Commerce intra-africain : les coûts logistiques freinent l’essor du continent

Dans son rapport « Perspectives Afrique – T4 2025 », la Banque africaine d’import-export (Afreximbank) souligne que des coûts de transport parmi les plus élevés au monde continuent de pénaliser les échanges intra-africains, compromettant l’industrialisation et l’intégration économique du continent.

Le rapport « Perspectives Afrique – T4 2025 » de la Banque africaine d’import-export (Afreximbank) met en évidence un paradoxe coûteux pour le continent : alors que l’Afrique dispose d’un potentiel économique considérable, le commerce intra-africain demeure pénalisé par des coûts logistiques parmi les plus élevés au monde. En cause, un environnement de transport encore inefficace qui freine l’industrialisation et affaiblit la compétitivité des économies locales.

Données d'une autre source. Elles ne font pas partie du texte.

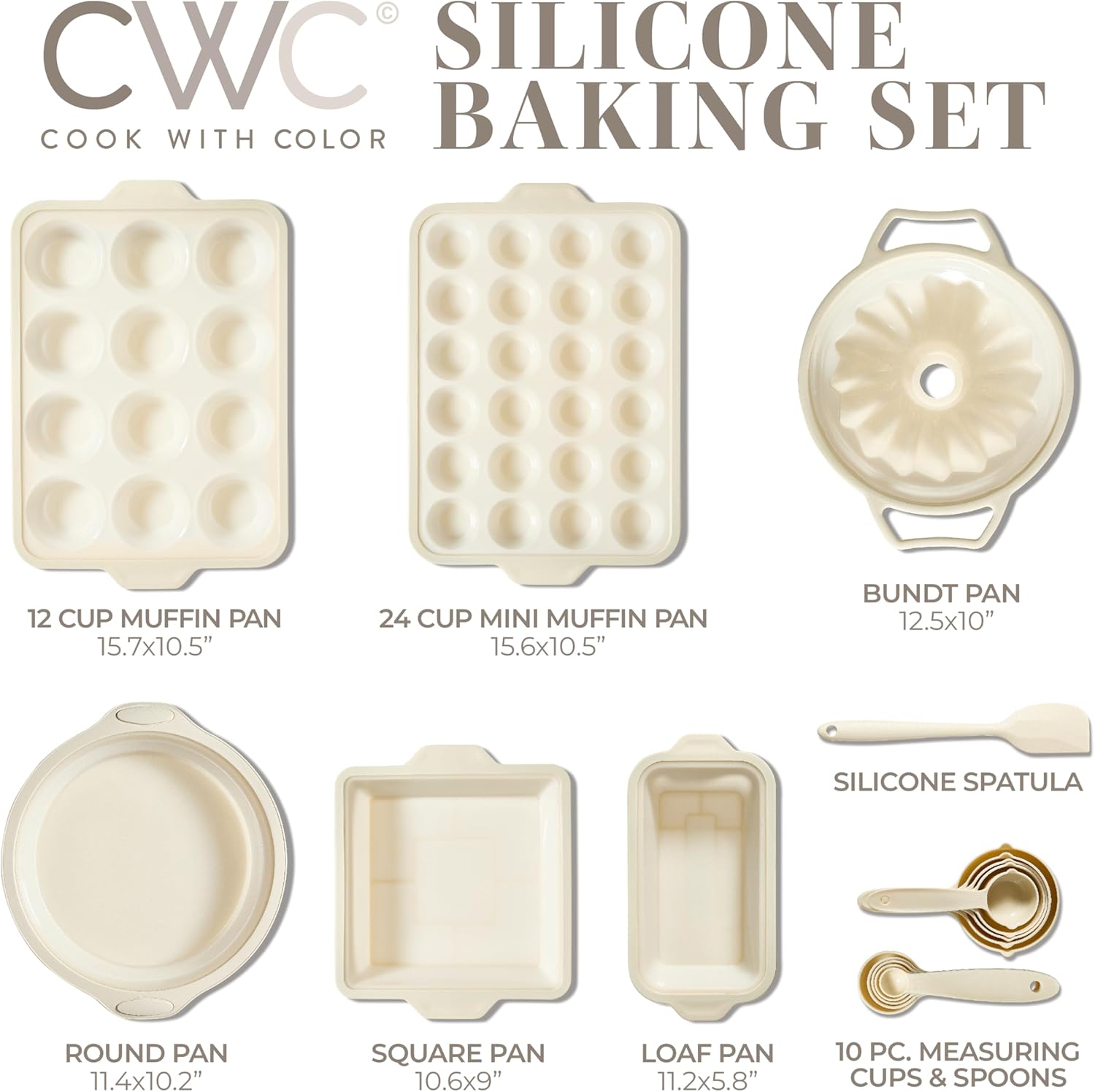 COOK WITH COLOR 17 Pc. Silicone Baking Pan Set - Non-Stick & Easy Clean Silicone Muffin Pans for Baking with Sturdy Metal Frame for Stability, Flexible Cake Molds, Includes Measuring Cups and Spoons

Le document souligne que le prix élevé du transport de marchandises, conjugué à des contraintes structurelles — infrastructures vétustes, lenteurs administratives aux frontières, insécurité sur certains axes — renchérit fortement les échanges entre pays africains. Dans plusieurs corridors commerciaux, ces charges sont telles qu’il devient parfois moins coûteux d’importer des produits depuis l’extérieur du continent que de commercer avec un pays voisin. Une situation qui érode la compétitivité régionale.

Ces obstacles ont des conséquences directes : ils entravent la mise en place de chaînes de valeur régionales performantes, ralentissent l’émergence d’industries locales et découragent les investissements. Sur certains grands corridors terrestres, les files d’attente prolongées aux postes frontaliers et la faible performance des réseaux routiers et ferroviaires allongent les délais d’acheminement et alourdissent le coût final des produits sur les marchés.

Le rapport relève toutefois des signaux positifs. La modernisation de plusieurs postes frontières, la digitalisation des procédures douanières et le renforcement des capacités institutionnelles commencent à produire des effets, en réduisant certains surcoûts et en fluidifiant le transit des marchandises. Des progrès encore graduels, mais porteurs d’espoir.

Au-delà des accords commerciaux, Afreximbank plaide pour des réponses structurelles : investissements massifs dans les infrastructures (routes transfrontalières, corridors ferroviaires, ports modernisés) et déploiement de solutions financières innovantes, notamment le Pan-African Payments and Settlement System (PAPSS), destiné à simplifier et accélérer les paiements transfrontaliers en monnaies locales.

L’institution insiste également sur l’urgence d’accélérer la mise en œuvre effective de la Zone de libre-échange continentale africaine (ZLECAf). Bien que ratifiée par la majorité des États, son impact reste limité en l’absence d’une intégration opérationnelle complète, notamment en matière de suppression des barrières non tarifaires et d’harmonisation réglementaire.

En définitive, si la dynamique commerciale interne du continent s’affirme et que son potentiel industriel demeure considérable, la question logistique reste un verrou stratégique. Les coûts de transport élevés ne relèvent pas seulement d’un problème tarifaire : ils constituent un frein majeur à l’intégration économique et à l’industrialisation durable de l’Afrique.